Natural Language Processing (NLP) uses algorithms to understand and manipulate human language. This technology is one of the most broadly applied areas of machine learning. As AI continues to expand, so will the demand for professionals skilled at building models that analyze speech and language, uncover contextual patterns, and produce insights from text and audio. This Specialization will equip you with the state-of-the-art deep learning techniques needed to build cutting-edge NLP systems. By the end of this Specialization, you will be ready to design NLP applications that perform question-answering and sentiment analysis, create tools to translate languages and summarize text, and even build chatbots.
This is the first course of the Natural Language Processing Specialization.

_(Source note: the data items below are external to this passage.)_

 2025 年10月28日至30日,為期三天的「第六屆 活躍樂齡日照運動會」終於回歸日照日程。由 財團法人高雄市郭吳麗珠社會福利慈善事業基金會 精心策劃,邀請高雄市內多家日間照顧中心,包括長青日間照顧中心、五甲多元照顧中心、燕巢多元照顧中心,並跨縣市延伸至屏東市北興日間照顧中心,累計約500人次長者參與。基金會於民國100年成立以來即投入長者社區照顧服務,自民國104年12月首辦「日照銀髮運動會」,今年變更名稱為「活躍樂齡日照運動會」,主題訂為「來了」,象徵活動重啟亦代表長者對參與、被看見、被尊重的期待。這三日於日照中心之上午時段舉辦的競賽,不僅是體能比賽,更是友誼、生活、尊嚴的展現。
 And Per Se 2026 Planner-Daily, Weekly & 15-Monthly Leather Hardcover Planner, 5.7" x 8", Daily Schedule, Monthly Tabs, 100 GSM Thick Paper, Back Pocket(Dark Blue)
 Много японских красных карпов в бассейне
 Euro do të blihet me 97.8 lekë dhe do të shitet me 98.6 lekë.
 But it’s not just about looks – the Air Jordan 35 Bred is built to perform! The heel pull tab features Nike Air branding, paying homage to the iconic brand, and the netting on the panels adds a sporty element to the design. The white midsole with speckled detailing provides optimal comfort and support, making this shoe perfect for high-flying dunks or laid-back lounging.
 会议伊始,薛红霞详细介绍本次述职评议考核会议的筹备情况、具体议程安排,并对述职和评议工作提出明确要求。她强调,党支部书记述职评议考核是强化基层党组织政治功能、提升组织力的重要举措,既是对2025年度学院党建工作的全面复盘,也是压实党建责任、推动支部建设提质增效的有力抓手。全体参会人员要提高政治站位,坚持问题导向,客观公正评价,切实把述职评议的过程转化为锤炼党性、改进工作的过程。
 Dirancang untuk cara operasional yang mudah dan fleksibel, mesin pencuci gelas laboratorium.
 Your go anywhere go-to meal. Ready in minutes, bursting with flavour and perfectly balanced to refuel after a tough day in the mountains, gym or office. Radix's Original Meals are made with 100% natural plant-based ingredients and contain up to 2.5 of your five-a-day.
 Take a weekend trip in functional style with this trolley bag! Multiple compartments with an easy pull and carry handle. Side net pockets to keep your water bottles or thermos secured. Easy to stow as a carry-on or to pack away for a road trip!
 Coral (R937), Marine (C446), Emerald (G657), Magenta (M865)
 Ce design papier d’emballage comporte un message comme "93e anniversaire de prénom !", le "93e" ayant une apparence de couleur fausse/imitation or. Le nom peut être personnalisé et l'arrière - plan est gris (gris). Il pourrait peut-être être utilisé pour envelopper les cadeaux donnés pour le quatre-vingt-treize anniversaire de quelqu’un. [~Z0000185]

Week 1: Logistic Regression for Sentiment Analysis of Tweets
- Use a simple method to classify positive or negative sentiment in tweets
Week 2: Naïve Bayes for Sentiment Analysis of Tweets
- Use a more advanced model for sentiment analysis
Week 3: Vector Space Models
- Use vector space models to discover relationships between words and use principal component analysis (PCA) to reduce the dimensionality of the vector space and visualize those relationships
Week 4: Word Embeddings and Locality Sensitive Hashing for Machine Translation
- Write a simple English-to-French translation algorithm using pre-computed word embeddings and locality sensitive hashing to relate words via approximate k-nearest neighbors search
This is the second course of the Natural Language Processing Specialization.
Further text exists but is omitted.